Der Engländer. Das Wort Kriegen hatte und hat für England stets einen angenehmen Klang. Wir sind nicht geldgierig, unser Grundsatz lautet: Geben ist seliger denn Nehmen, und darum geben wir Ihnen die Versicherung, daß wir nehmen, was zu erlangen ist.

Der Deutsche. Wir werden aber nie dulden, daß England den Rest dessen nimmt, was dem armen Pharaonenland geblieben ist. (Bravo!)

Der Engländer.
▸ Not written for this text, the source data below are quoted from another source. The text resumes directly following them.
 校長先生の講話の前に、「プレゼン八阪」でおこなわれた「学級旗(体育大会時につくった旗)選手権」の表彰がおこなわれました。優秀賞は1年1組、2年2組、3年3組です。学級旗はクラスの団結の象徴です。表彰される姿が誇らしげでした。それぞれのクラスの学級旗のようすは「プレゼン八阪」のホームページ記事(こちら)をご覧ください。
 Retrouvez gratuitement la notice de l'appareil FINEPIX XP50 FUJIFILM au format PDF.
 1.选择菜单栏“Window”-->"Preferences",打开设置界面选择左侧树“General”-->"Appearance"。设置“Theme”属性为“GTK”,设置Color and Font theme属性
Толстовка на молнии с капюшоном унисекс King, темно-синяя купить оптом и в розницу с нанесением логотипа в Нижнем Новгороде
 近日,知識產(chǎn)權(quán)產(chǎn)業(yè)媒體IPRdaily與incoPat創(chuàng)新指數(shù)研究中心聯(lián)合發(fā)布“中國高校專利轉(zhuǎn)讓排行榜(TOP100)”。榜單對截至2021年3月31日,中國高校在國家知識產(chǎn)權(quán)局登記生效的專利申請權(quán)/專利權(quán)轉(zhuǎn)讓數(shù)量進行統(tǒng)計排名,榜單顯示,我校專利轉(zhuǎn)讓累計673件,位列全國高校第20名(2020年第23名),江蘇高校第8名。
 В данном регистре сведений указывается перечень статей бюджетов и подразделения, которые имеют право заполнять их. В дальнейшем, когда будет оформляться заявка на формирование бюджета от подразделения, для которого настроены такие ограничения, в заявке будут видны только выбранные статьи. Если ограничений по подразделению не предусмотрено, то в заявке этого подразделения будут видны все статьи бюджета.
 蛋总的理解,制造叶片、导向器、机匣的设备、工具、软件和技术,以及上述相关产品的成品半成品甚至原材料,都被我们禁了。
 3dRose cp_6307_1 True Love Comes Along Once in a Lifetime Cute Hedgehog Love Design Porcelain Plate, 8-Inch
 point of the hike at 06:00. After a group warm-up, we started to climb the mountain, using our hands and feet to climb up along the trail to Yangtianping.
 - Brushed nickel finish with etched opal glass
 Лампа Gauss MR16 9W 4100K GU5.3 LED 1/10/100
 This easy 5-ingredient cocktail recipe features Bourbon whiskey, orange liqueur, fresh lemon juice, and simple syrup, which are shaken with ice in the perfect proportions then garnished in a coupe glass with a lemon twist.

Daran denken wir auch nicht, wir wollen Aegypten nicht den Rest nehmen, sondern geben.

Der Schwede. Au! (Glocke des Präsidenten.)

Der Deutsche. Und eines vergesse England niemals: Il y a des juges à Berlin, es giebt noch Müller in Sanssouci! (Sensation.)

Der Spanier. Ich schließe mich meinem geehrten Vorredner an. Auf die ewigen Geldforderungen Englands wird das Schweigen der Völker antworten.

Der Engländer. Schweigen ist Gold, und das Gold der Völker wollen wir. (Murren. Redner spricht fort.)